TASK REQUIREMENTS: A faithful copy is needed of the lines below from the one with "Avery Identification Removable" up to and including the one with "Жилет женский полуприлегающего"; set it down with no pictures and no other lines.

*** TASK INPUTS Section Begins ***

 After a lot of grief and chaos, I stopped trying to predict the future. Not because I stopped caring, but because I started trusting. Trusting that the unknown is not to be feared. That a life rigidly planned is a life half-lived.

*** TASK INPUTS Section Ends ***
*** TASK INPUTS Section Begins ***

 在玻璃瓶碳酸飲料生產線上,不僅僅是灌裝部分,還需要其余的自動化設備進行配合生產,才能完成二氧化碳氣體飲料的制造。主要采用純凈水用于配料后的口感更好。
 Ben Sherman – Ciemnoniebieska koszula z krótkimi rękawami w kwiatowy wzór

*** TASK INPUTS Section Ends ***
*** TASK INPUTS Section Begins ***

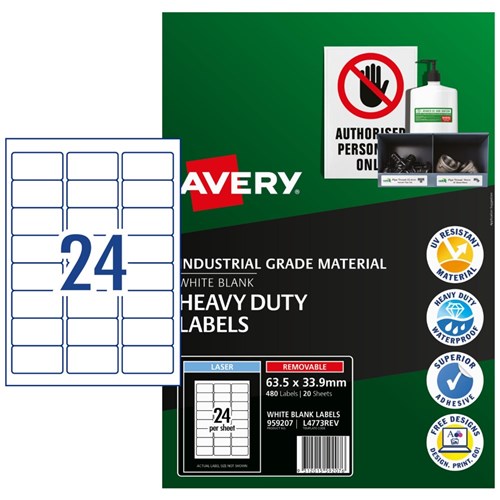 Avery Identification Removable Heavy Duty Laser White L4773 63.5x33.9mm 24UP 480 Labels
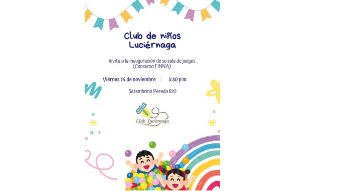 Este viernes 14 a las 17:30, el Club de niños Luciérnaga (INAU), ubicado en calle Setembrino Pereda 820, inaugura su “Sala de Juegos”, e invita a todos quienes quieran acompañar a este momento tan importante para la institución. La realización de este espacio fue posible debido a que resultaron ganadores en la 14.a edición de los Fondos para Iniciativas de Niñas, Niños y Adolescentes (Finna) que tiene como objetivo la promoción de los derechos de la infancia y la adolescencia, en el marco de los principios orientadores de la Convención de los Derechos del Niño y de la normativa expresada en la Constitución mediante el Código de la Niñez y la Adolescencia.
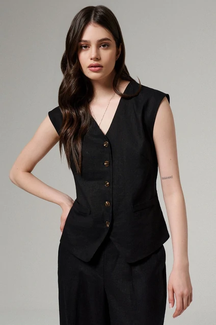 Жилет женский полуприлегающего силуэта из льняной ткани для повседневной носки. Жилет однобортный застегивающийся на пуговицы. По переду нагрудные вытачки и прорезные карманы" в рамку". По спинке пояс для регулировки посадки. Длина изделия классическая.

*** TASK INPUTS Section Ends ***

RESPONSE:
 Avery Identification Removable Heavy Duty Laser White L4773 63.5x33.9mm 24UP 480 Labels
 Este viernes 14 a las 17:30, el Club de niños Luciérnaga (INAU), ubicado en calle Setembrino Pereda 820, inaugura su “Sala de Juegos”, e invita a todos quienes quieran acompañar a este momento tan importante para la institución. La realización de este espacio fue posible debido a que resultaron ganadores en la 14.a edición de los Fondos para Iniciativas de Niñas, Niños y Adolescentes (Finna) que tiene como objetivo la promoción de los derechos de la infancia y la adolescencia, en el marco de los principios orientadores de la Convención de los Derechos del Niño y de la normativa expresada en la Constitución mediante el Código de la Niñez y la Adolescencia.
 Жилет женский полуприлегающего силуэта из льняной ткани для повседневной носки. Жилет однобортный застегивающийся на пуговицы. По переду нагрудные вытачки и прорезные карманы" в рамку". По спинке пояс для регулировки посадки. Длина изделия классическая.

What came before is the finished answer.